/---
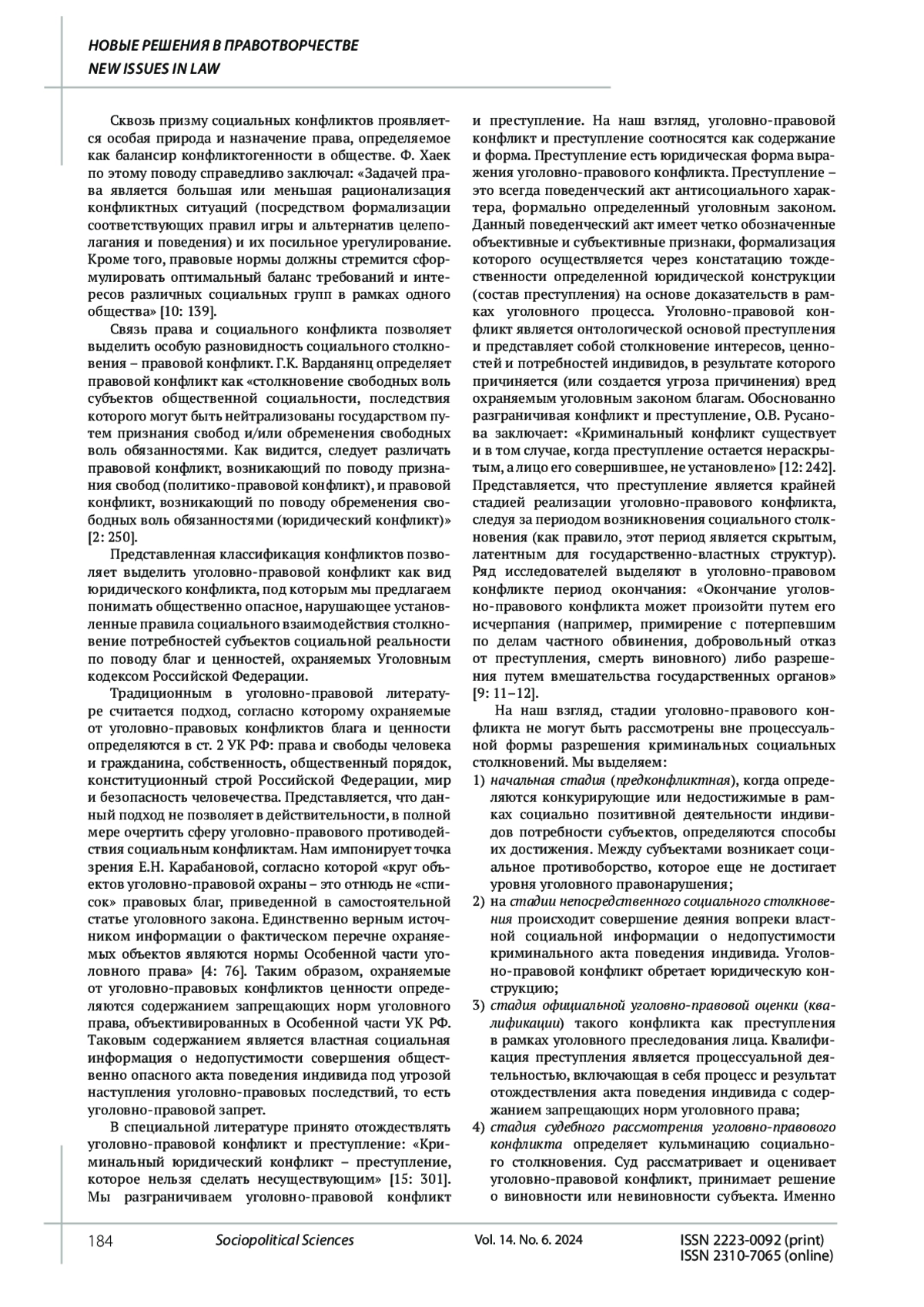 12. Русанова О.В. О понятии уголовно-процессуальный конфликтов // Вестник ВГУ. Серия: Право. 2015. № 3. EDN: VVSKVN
\---
/---
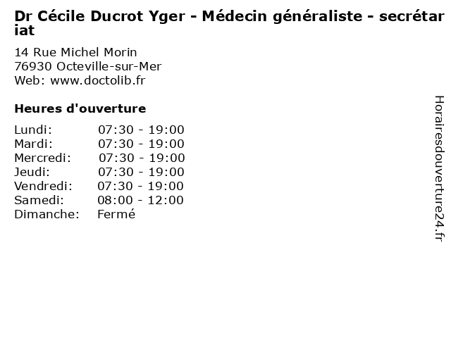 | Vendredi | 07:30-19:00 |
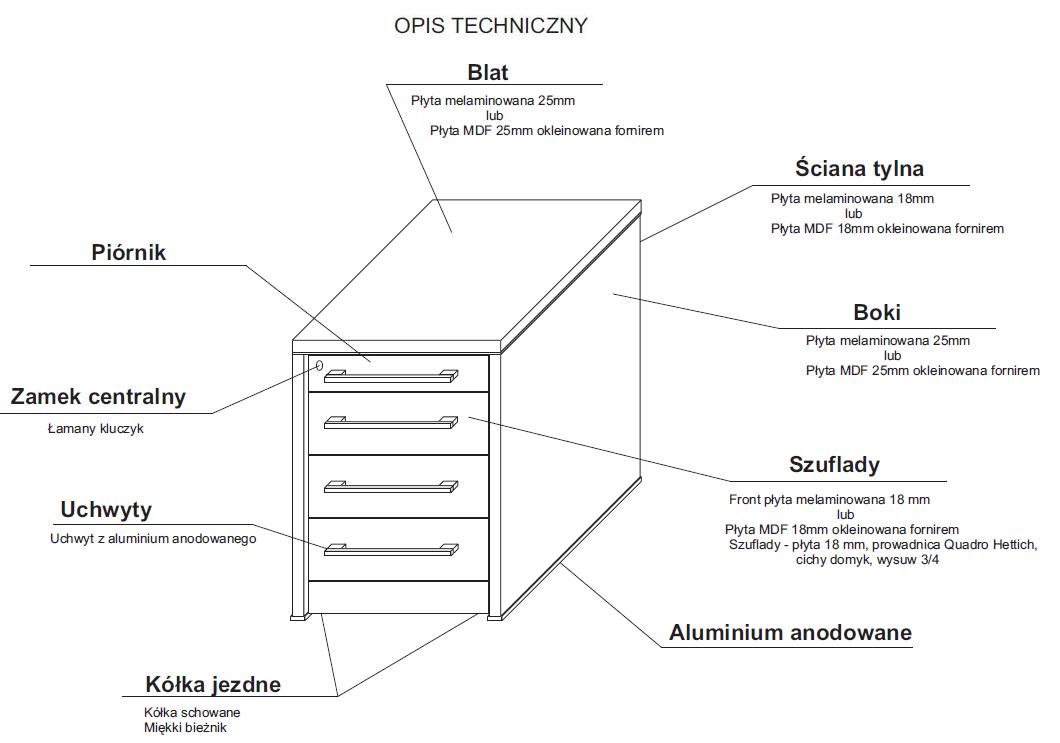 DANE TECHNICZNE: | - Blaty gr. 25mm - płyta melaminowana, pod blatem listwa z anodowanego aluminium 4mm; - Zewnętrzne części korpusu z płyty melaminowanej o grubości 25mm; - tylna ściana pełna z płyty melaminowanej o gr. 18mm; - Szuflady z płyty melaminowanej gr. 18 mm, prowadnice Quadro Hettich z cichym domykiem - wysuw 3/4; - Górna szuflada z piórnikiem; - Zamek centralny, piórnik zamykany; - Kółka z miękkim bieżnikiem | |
\---
### Work to complete
Leaving pictures out, output the lines of the data above from the one with "Vendredi | 07:30-19:00 |" through the one with "DANE TECHNICZNE: |", word for word.

### Written reply
 | Vendredi | 07:30-19:00 |
 DANE TECHNICZNE: | - Blaty gr. 25mm - płyta melaminowana, pod blatem listwa z anodowanego aluminium 4mm; - Zewnętrzne części korpusu z płyty melaminowanej o grubości 25mm; - tylna ściana pełna z płyty melaminowanej o gr. 18mm; - Szuflady z płyty melaminowanej gr. 18 mm, prowadnice Quadro Hettich z cichym domykiem - wysuw 3/4; - Górna szuflada z piórnikiem; - Zamek centralny, piórnik zamykany; - Kółka z miękkim bieżnikiem | |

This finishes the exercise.